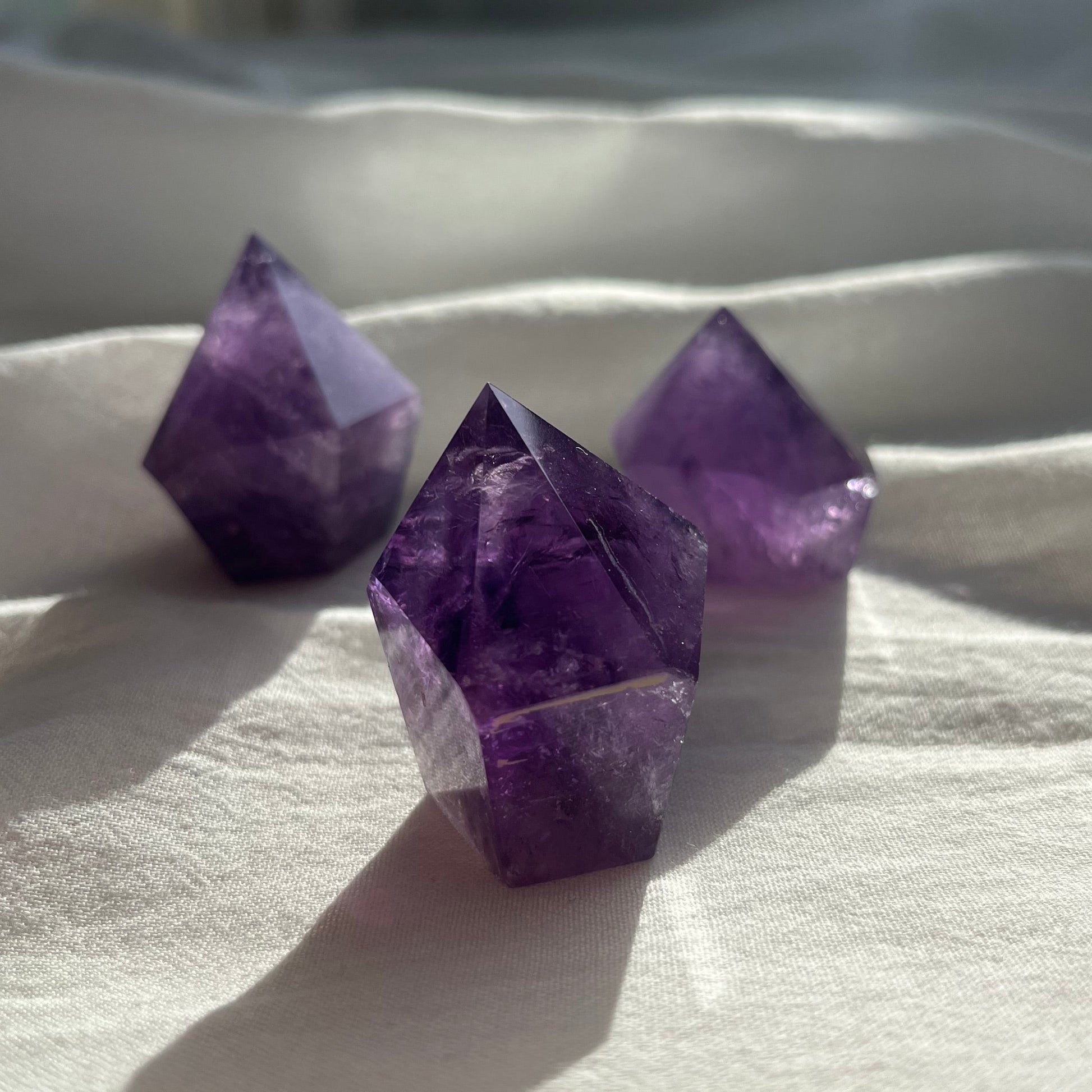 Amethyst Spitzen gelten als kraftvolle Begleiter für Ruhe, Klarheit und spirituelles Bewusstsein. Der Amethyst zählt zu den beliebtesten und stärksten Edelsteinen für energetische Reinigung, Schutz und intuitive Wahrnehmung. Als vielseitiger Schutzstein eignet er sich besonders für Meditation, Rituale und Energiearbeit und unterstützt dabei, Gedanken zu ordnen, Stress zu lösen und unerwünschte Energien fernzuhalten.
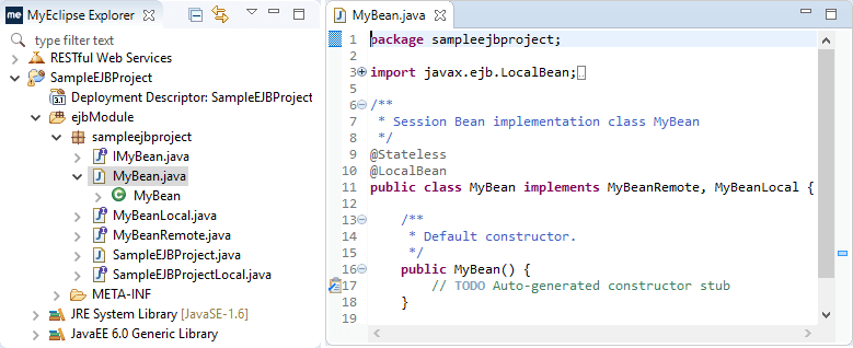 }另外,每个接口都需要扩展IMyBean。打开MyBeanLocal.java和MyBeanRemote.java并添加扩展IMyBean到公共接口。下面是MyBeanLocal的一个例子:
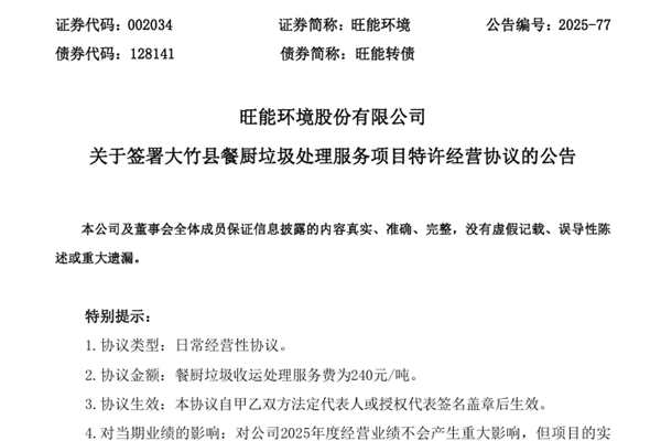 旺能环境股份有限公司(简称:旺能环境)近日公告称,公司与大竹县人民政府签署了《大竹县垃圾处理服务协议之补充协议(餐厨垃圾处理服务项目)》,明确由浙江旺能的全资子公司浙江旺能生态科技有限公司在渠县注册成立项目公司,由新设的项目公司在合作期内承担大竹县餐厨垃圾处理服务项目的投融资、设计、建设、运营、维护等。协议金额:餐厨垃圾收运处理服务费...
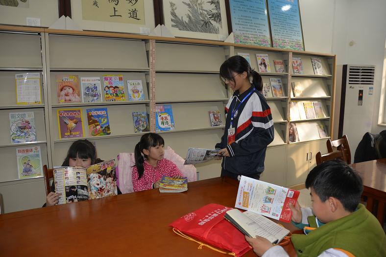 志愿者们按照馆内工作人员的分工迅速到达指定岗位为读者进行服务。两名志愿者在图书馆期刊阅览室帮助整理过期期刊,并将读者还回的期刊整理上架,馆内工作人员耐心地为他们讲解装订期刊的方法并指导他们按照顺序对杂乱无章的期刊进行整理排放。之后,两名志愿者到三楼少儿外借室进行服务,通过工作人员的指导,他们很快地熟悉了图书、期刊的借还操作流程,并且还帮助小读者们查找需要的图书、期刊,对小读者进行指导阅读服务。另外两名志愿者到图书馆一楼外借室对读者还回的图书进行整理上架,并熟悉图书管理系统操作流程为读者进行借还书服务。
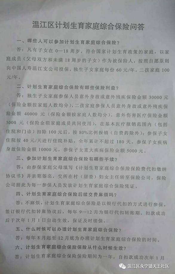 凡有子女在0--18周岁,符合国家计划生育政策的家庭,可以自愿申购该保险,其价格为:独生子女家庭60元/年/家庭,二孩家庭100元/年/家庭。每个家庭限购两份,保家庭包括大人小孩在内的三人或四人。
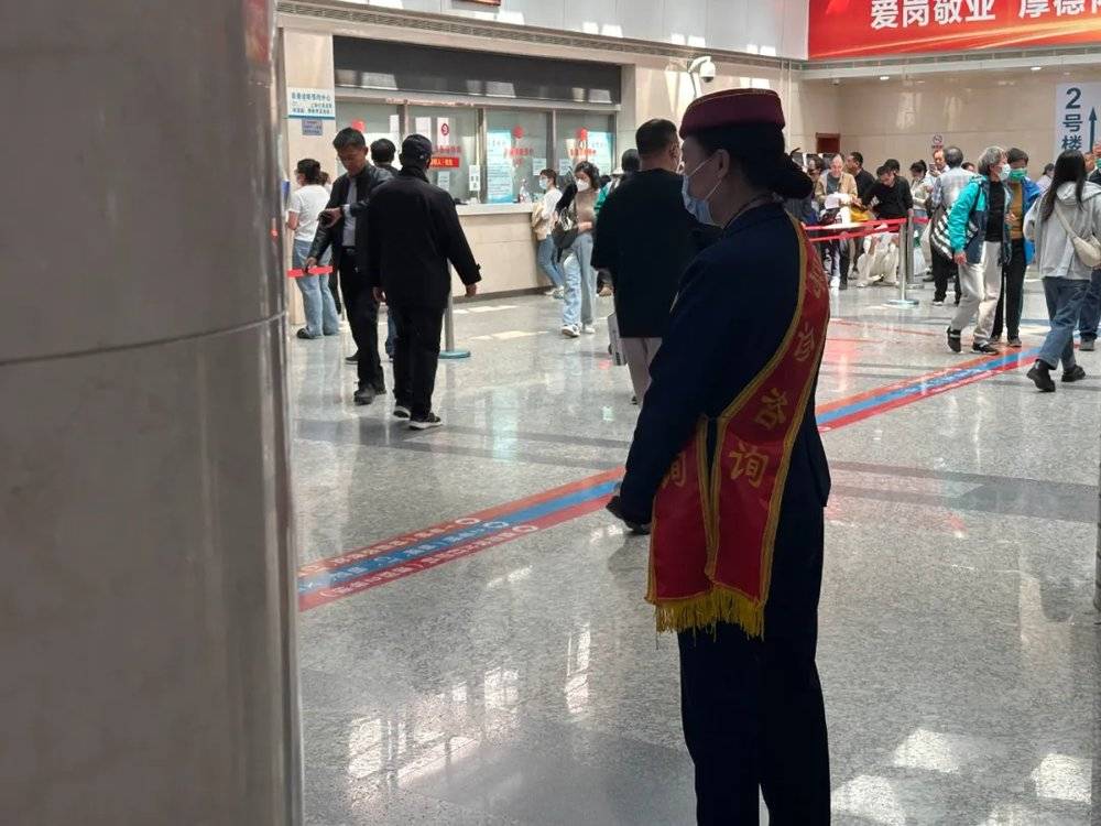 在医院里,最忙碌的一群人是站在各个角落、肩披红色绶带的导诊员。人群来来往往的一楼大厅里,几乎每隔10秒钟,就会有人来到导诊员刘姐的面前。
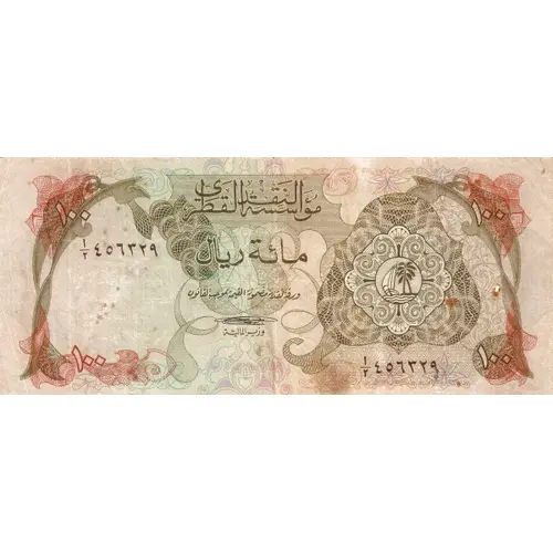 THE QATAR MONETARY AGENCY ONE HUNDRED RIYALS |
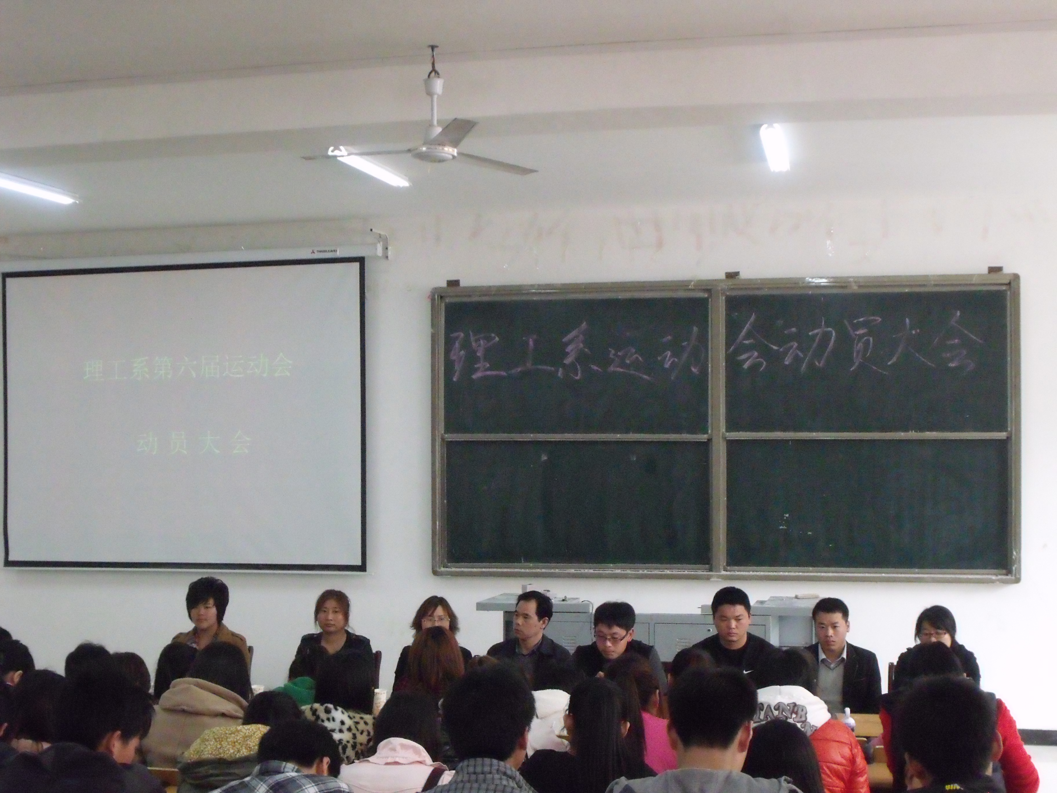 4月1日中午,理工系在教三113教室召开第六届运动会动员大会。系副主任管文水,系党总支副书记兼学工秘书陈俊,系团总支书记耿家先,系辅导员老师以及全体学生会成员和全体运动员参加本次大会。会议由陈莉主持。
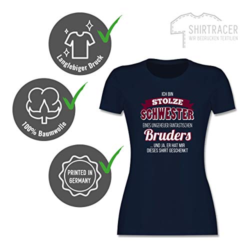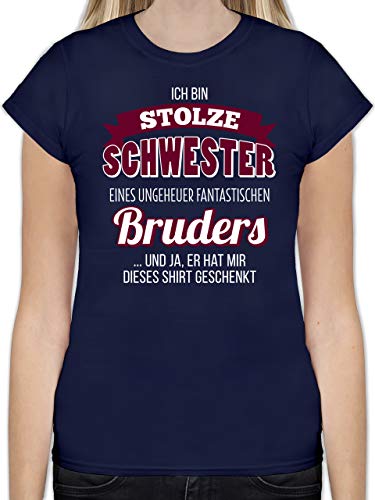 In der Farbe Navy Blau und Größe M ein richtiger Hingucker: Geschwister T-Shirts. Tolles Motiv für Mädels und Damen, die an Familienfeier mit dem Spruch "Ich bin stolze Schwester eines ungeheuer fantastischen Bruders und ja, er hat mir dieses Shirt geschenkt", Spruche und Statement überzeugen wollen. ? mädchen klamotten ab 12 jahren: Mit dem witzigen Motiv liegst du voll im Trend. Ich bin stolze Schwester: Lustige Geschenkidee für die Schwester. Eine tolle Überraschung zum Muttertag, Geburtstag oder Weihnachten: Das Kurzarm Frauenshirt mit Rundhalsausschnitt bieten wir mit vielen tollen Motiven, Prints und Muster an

■ ■ ■ ■

__What to produce__.
In the listing above, find the line containing "凡有子女在0--18周岁,符" and the line containing "THE QATAR MONETARY", then print exactly those two lines and every line between them, minus the pictures.

__Written solution__.
 凡有子女在0--18周岁,符合国家计划生育政策的家庭,可以自愿申购该保险,其价格为:独生子女家庭60元/年/家庭,二孩家庭100元/年/家庭。每个家庭限购两份,保家庭包括大人小孩在内的三人或四人。
 在医院里,最忙碌的一群人是站在各个角落、肩披红色绶带的导诊员。人群来来往往的一楼大厅里,几乎每隔10秒钟,就会有人来到导诊员刘姐的面前。
 THE QATAR MONETARY AGENCY ONE HUNDRED RIYALS |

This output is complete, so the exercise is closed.